Task statement:
Write out exactly, and only, the lines below from the line with "タンポを用いて、白い紙に「ポンポンポン」と青い絵の具を広げていきます。 |" through the line with "Recognized by the"; pictures do not belong in the copy.

Data shown:

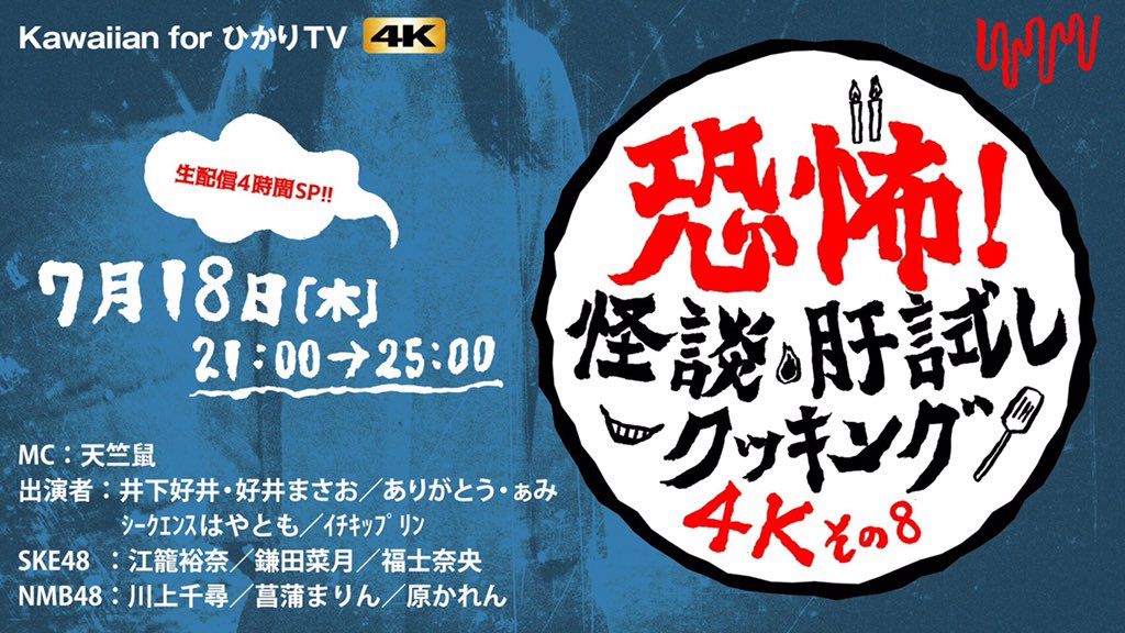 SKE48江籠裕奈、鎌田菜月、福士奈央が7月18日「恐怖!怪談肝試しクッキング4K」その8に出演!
* * *
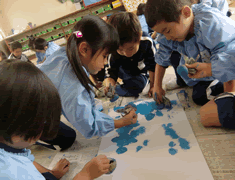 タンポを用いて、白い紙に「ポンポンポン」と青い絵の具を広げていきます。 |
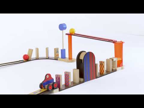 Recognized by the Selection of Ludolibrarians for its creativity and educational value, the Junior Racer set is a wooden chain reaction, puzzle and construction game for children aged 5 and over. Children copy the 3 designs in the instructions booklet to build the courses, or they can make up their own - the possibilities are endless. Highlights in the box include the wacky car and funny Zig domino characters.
==
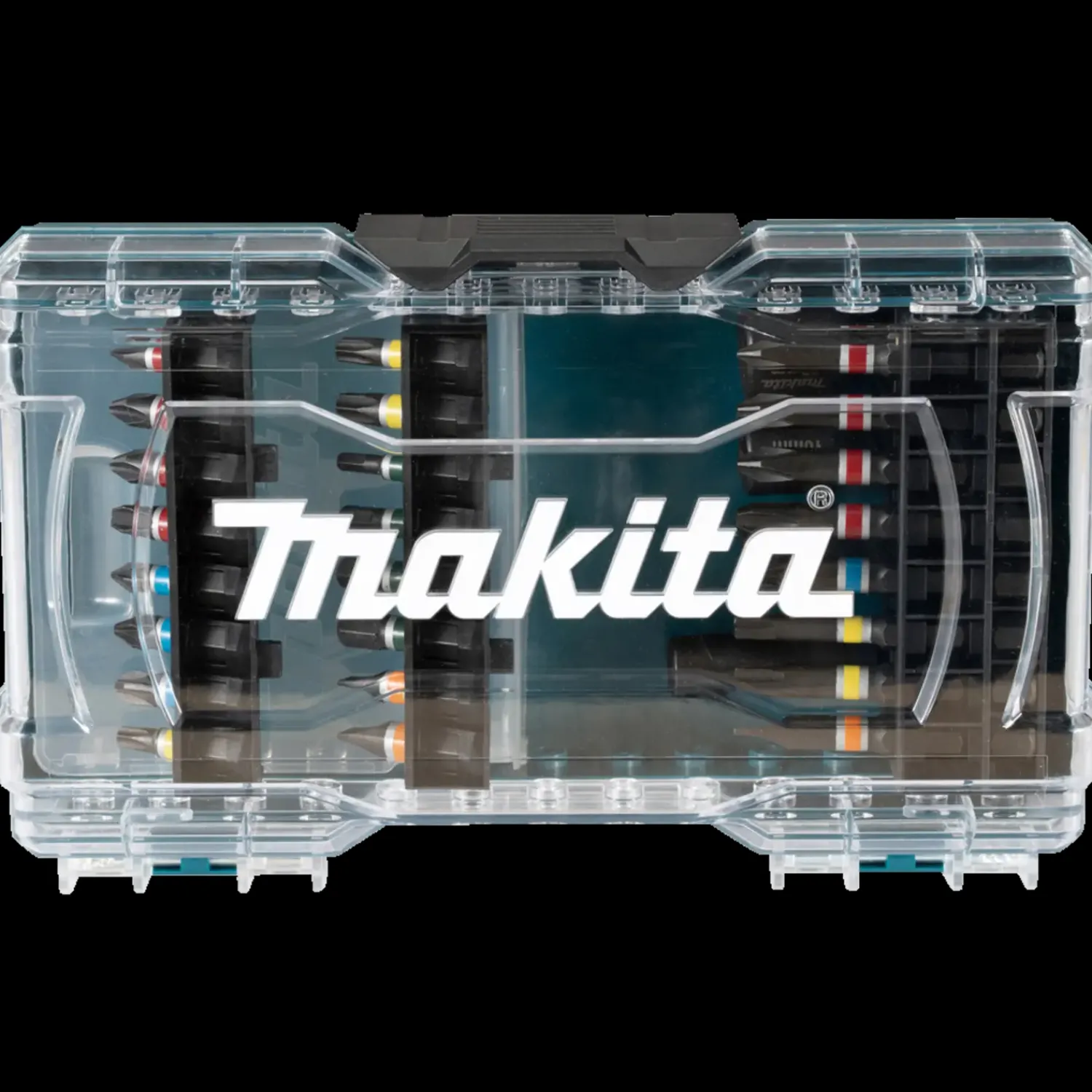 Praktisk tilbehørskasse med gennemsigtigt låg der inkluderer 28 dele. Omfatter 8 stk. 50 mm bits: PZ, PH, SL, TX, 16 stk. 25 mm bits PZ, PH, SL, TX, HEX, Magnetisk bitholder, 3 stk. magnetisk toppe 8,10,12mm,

Exercise answer:
 タンポを用いて、白い紙に「ポンポンポン」と青い絵の具を広げていきます。 |
 Recognized by the Selection of Ludolibrarians for its creativity and educational value, the Junior Racer set is a wooden chain reaction, puzzle and construction game for children aged 5 and over. Children copy the 3 designs in the instructions booklet to build the courses, or they can make up their own - the possibilities are endless. Highlights in the box include the wacky car and funny Zig domino characters.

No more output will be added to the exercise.